Disability awareness remains limited in health care, despite the fact that one in four adults in the United States experiences some form of disability. The CDC defines disability as a condition that affects a person’s ability to perform daily activities or interact with the world. Yet, disability is not the opposite of health. With the right systems in place, people with disabilities can live full and healthy lives.

However, systemic barriers—such as inaccessible exam tables, lack of transfer equipment, and communication hurdles—continue to hamper gynecologic and reproductive health care. These challenges contribute to delayed diagnoses, emotional trauma, and poorer health outcomes. These barriers also discourage patients from seeking care, perpetuating a cycle of unmet medical needs. As ob-gyns, we have an opportunity and responsibility to change this reality. That’s why I launched a quality improvement initiative called Improving Gynecologic Resources for Accessibility, Collaboration, and Education, also known as iGRACE.
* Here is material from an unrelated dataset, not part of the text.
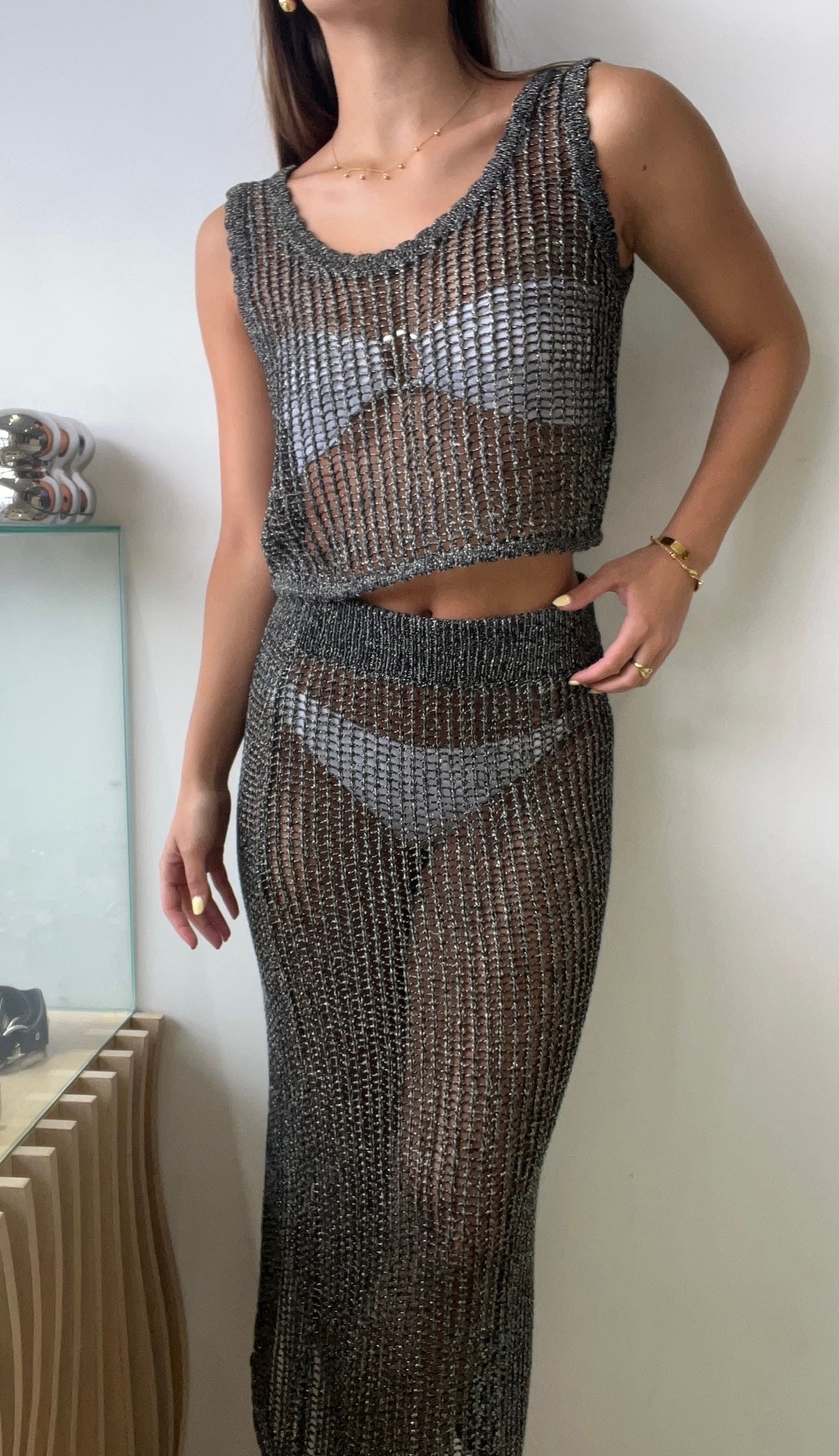 Set de playa tejido en color negro con hilos brillantes. Incluye top sin mangas y falda larga.
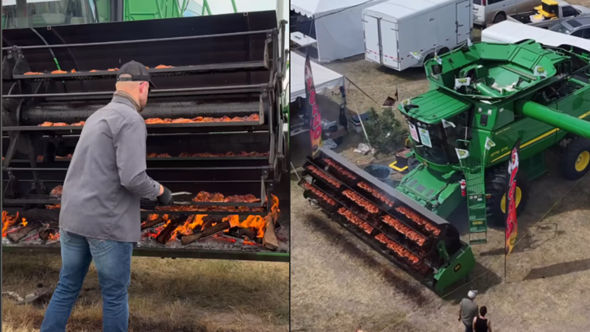El video no solo muestra una innovadora forma de cocinar, sino también una manera de posicionar la cultura rural dentro de las tendencias digitales. La cosechadora, de color verde con detalles amarillos, fue modificada en su parte frontal: se retiraron las cuchillas y se instalaron parrillas para el asado. El fuego, alimentado con leña, aportó ese toque tradicional, mientras al fondo se observan familias disfrutando del evento.

iGRACE aims to assess health care professional and patient perspectives on accessibility in ob-gyn clinics, with the goal of informing policy changes, education efforts, and resource allocation. Our team includes health care professionals, disability advocates, and patients with disabilities—including Cody Unser, who became paralyzed at age 12 from transverse myelitis and has since dedicated her career to disability advocacy, and Ashira Greenberg, who was born with a disability and is a leader in the field of disability advocacy with local and national groups. Both Cody and Ashira have significantly shaped the direction of this project: Ashira’s work has helped to influence practice changes and highlight the needs of people with disabilities in reproductive health care, and Cody’s lecture, Wheelchair Barbie Goes to the Gynecologist, has shed light on the unique challenges patients with disabilities face in reproductive health care.

Accessible care is not a privilege—it’s a right. By recognizing and addressing these disparities, we can build a system where every patient, regardless of ability, receives the care they deserve.


Ashley Hilton, MD, FACOG, is a fellow in the division of urogynecology and reconstructive pelvic surgery at the University of Colorado. Passionate about medical education and mentorship, she has led initiatives to support trainees applying to fellowship, including workshops on CV development and interview preparation. Dr. Hilton is also an advocate for disability awareness and accessibility in ob-gyn care, drawing from her personal experiences to drive meaningful change in the field. Her research focuses on advancing surgical outcomes and improving patient-centered care in urogynecology.

Ashira Greenberg, MPH, CHES (she/her), is a certified health education specialist with a passion for autonomy in sexual and reproductive health and improving disability awareness in local and national clinical practices. She earned her master’s in public health from Columbia University. Greenberg identifies as a disabled person and as a person with a disability, using both identity-first and person-first language to describe her personal experience with disability.